I have enormous respect for Grayson Perry, his Reith Lectures were fascinating, but I was underwhelmed by his work Julie and Rob for the 2015 RA Summer exhibition was brash and kitchsy. I had never looked that closely at his pots and I find that they have lovely narrative drawings. I'm not sure that I agree with the course notes which describe them as detailed extended doodles  but I will look more closely next time I get a chance to see his work.

Jim Shaw makes work that is very busy. There are so many cultural references bursting to get out it's like being inside a 1970's American comic. He is incredibly eclectic in what he does ranging from drawings, paintings and installations to thrift store paintings. I found an essay in Frieze which is a good summary of his ideas and interests. His pencil Dream drawings are very detailed (I was in a Vegas show about a Viking farmer...) Also this study for Seven Deadly Sins and a study for Anal/Isis which I read as hair though I may be wrong?

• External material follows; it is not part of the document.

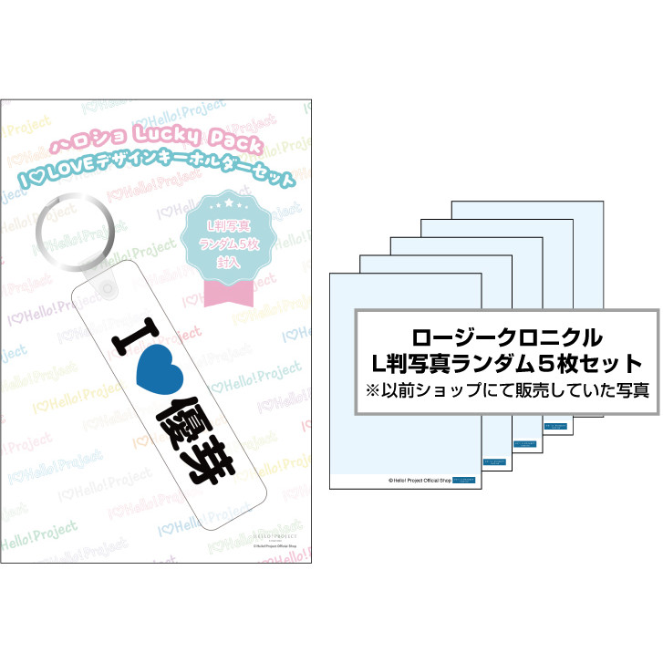 『ハロショLucky Pack 「I LOVEデザインキーホルダーセット」』は、I LOVEデザインキーホルダーとL判生写真ランダム5枚のセットです。

Detailed Drawings is a Tumblr site with loads of artists collected together. I find that repeated exposure to these complex works does feel rather frenetic after a while. They aren't relaxing pieces, and part of me does worry about the mental health of someone who works this way on a large scale.

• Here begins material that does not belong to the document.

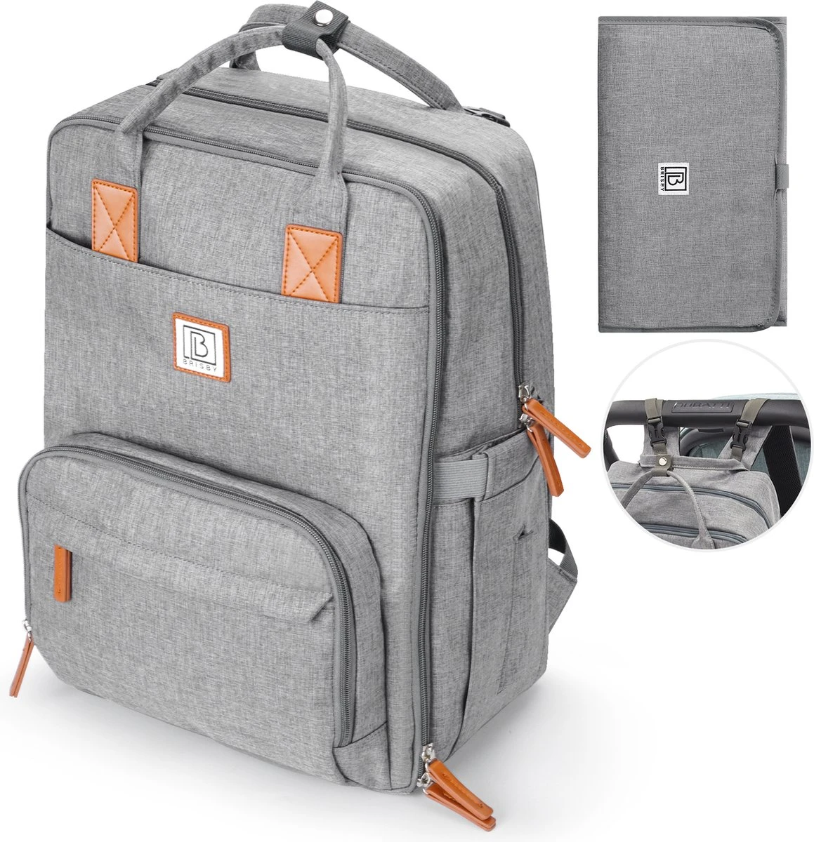 Brisby slijtvaste luiertas – Uniseks – Diverse luiervakken – Strak ontwerp – Waterafstotend – Lichtgrijs

I have a jam jar of keys which I daren't throw away in case they unlock a forgotten door somewhere so to get going I drew them.
I think this project calls for something larger and more detailed.

Dawn Clements here and here does some very detailed drawings which take you through a scene. I remembered being very excited about them at an exhibition at the Saachi Gallery.   The Guggenheim Foundation says "She creates a sense of wholeness from fragments, piecing, editing, suturing multiple points of view to create a sense of moving through spaces, extending time. In her work images are fixed, but the vanishing point is usually in motion, and unstable." 

Inspired I sketched the desk in my studio/dining room.
It's an interesting idea but probably too derivative for me at the moment.

I'm not keen on hyper realism, I don't have the patience for masses of detail unless it's a subject which really inspires me so I need to choose something that will keep me fiddling to get this exercise done properly. Lynne Chapman did a residency with the University of Manchester which included a study of dormant things, (also here) stuff that doesn't have a current purpose but you can't throw away (like my jar of keys). I've downsized fairly recently so I don't have quite as much clutter as in the past, I considered the cutlery draw or my toolbox, maybe my pens and pencils, but Andrea Joseph has that covered.

Living things get me excited enough to fiddle. The course notes say that 'It’s not ‘cheating’ to use a projector or tracing paper here to create extra layers of complexity.' I don't have a projector but I read this as a go ahead to work closely from a photo. My dog is 14 so in a way he covers the underlying time factor of the project. I have drawn him regularly from life but for this level of detail I need a photo.
I used a propelling pencil so that I didn't have to keep stopping to sharpen it. My dad was a draughtsman so I have a pot of leads which are unlabelled but I suspect to be a bit harder than HB, maybe H? 
I grew up using cast off H pencils and I've never been a fan, they make a very weak line, but I found that with lots of layering I managed to get some depth of tone. I drew a very feint outline before I started to be sure that everything was in the right place before I added shading and this had to be erased in places to stop it giving conflicting information about the fur to the viewer. 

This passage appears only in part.